* DIRECTIONS
When you reach the line below that has "Jil Sander Size", start returning lines exactly, and stop after the line that has "找家纺 (总)佰织鑫家居 2025新款棉加绒床盖三件套花苞豆豆被四件套,梨花落,落了白"; skip the pictures.

* DATA PROVIDED
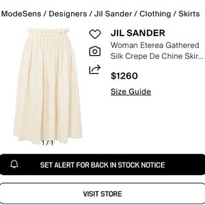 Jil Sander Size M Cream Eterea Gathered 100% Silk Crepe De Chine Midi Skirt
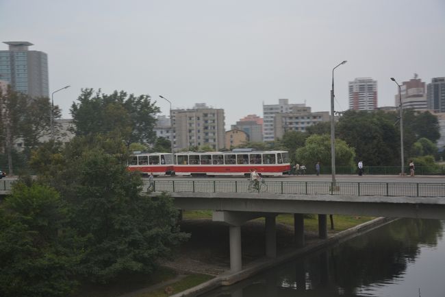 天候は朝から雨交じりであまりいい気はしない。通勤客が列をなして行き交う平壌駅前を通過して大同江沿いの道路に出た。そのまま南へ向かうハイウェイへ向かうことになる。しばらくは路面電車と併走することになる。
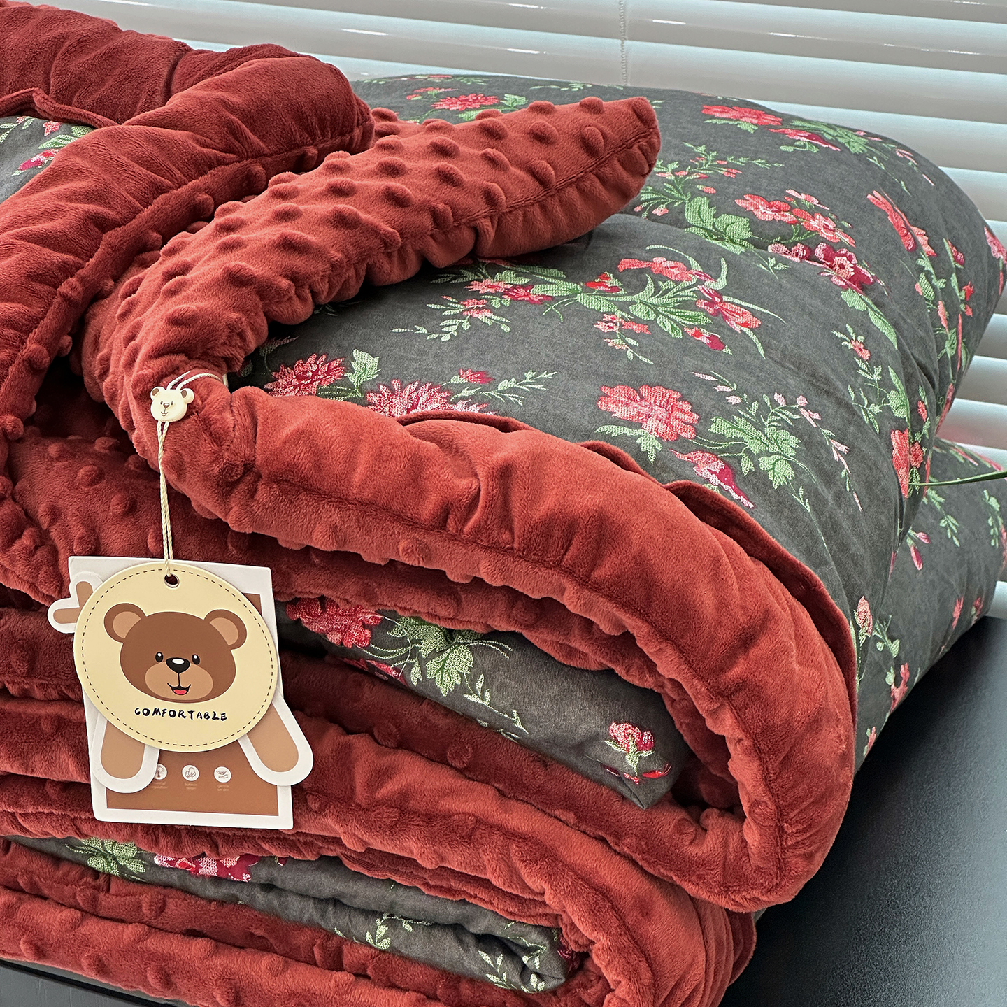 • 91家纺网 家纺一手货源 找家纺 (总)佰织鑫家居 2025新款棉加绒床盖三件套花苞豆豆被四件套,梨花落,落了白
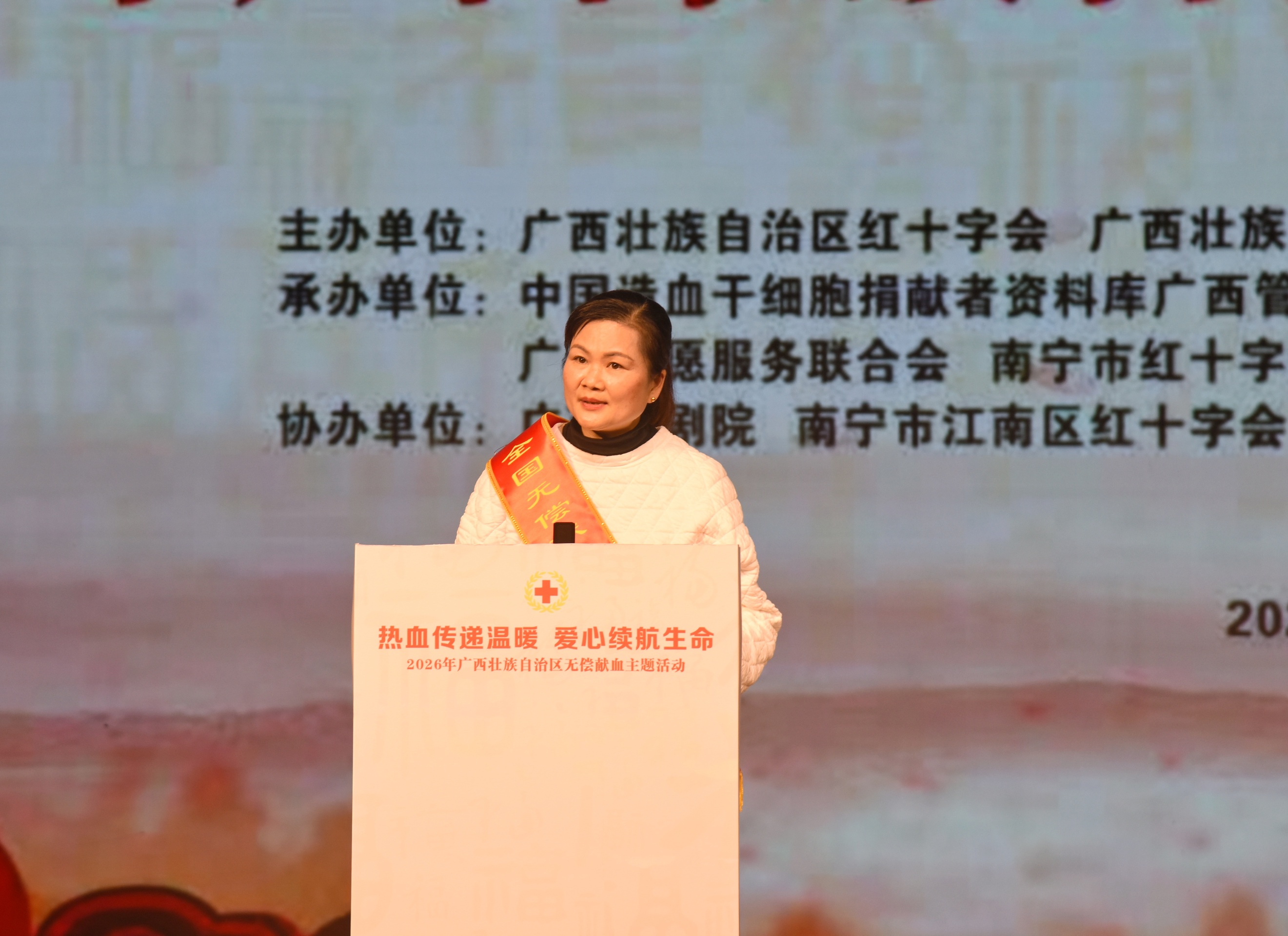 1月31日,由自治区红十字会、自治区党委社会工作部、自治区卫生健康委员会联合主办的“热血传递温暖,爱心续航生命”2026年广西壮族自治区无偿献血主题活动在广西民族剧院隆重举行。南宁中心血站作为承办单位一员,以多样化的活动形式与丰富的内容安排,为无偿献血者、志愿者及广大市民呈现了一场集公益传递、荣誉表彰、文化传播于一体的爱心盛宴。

---

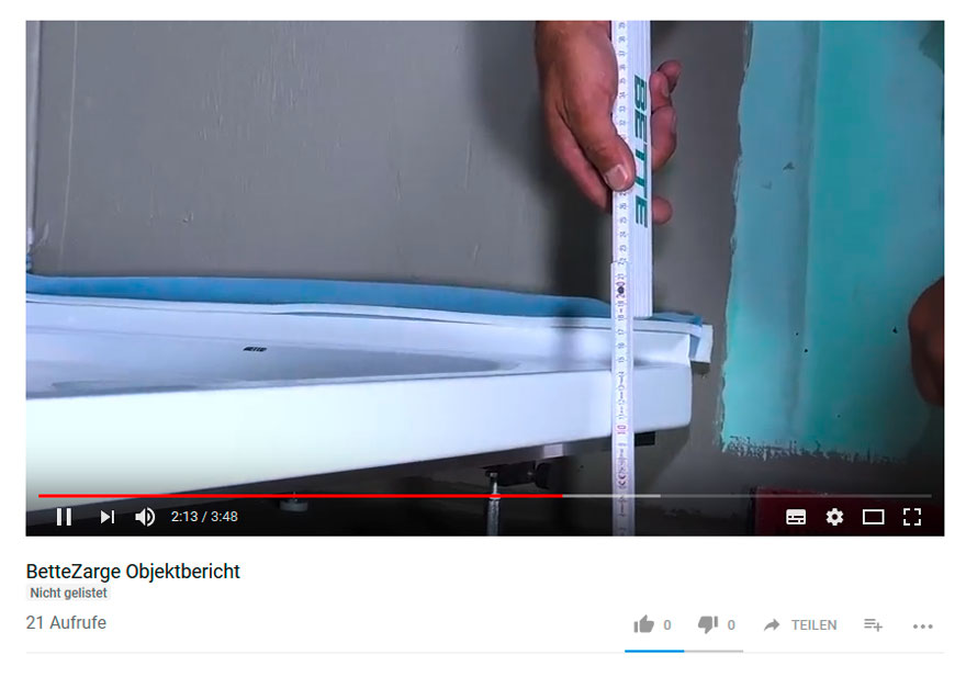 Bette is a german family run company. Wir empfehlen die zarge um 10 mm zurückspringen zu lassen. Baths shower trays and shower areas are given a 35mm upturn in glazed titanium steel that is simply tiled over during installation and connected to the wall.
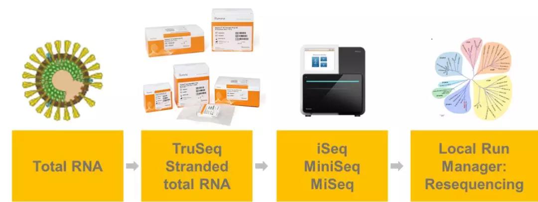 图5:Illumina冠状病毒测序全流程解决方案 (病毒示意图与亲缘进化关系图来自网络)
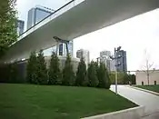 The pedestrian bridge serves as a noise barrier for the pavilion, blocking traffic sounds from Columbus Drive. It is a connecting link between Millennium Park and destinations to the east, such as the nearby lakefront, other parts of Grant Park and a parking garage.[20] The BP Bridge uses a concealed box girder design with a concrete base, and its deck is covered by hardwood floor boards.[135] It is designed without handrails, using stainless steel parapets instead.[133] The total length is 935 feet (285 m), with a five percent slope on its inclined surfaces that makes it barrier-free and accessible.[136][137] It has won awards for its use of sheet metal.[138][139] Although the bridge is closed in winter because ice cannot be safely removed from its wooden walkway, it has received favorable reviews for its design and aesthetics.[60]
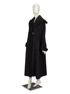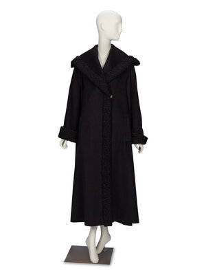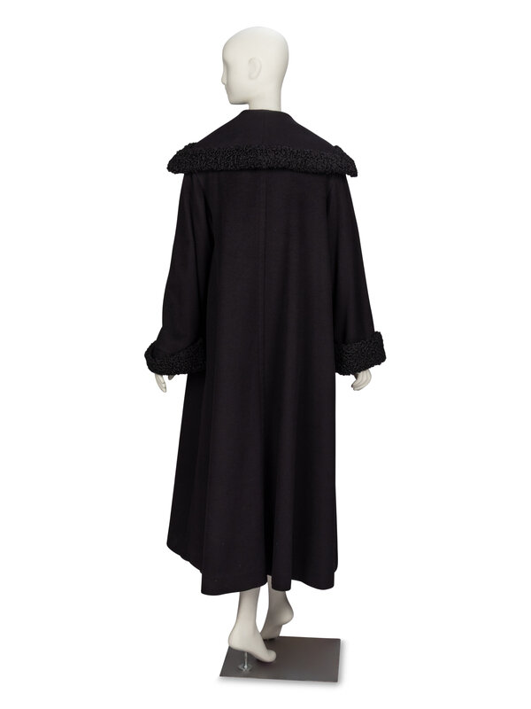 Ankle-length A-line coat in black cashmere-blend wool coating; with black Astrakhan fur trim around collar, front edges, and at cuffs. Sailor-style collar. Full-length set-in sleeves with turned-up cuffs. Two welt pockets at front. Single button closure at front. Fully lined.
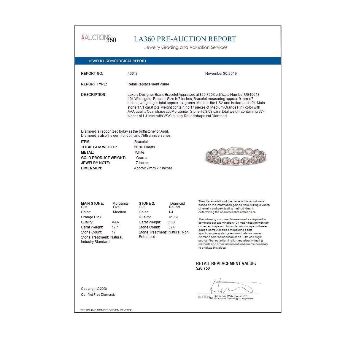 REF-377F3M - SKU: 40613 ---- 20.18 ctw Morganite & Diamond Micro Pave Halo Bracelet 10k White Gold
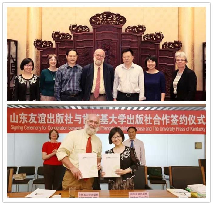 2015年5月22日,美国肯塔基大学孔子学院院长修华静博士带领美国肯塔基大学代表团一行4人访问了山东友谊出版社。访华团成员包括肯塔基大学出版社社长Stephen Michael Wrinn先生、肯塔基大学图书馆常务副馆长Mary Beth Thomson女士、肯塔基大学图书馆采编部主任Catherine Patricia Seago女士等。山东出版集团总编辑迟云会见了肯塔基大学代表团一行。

* COMPLETED EXERCISE
 Jil Sander Size M Cream Eterea Gathered 100% Silk Crepe De Chine Midi Skirt
 天候は朝から雨交じりであまりいい気はしない。通勤客が列をなして行き交う平壌駅前を通過して大同江沿いの道路に出た。そのまま南へ向かうハイウェイへ向かうことになる。しばらくは路面電車と併走することになる。
 • 91家纺网 家纺一手货源 找家纺 (总)佰织鑫家居 2025新款棉加绒床盖三件套花苞豆豆被四件套,梨花落,落了白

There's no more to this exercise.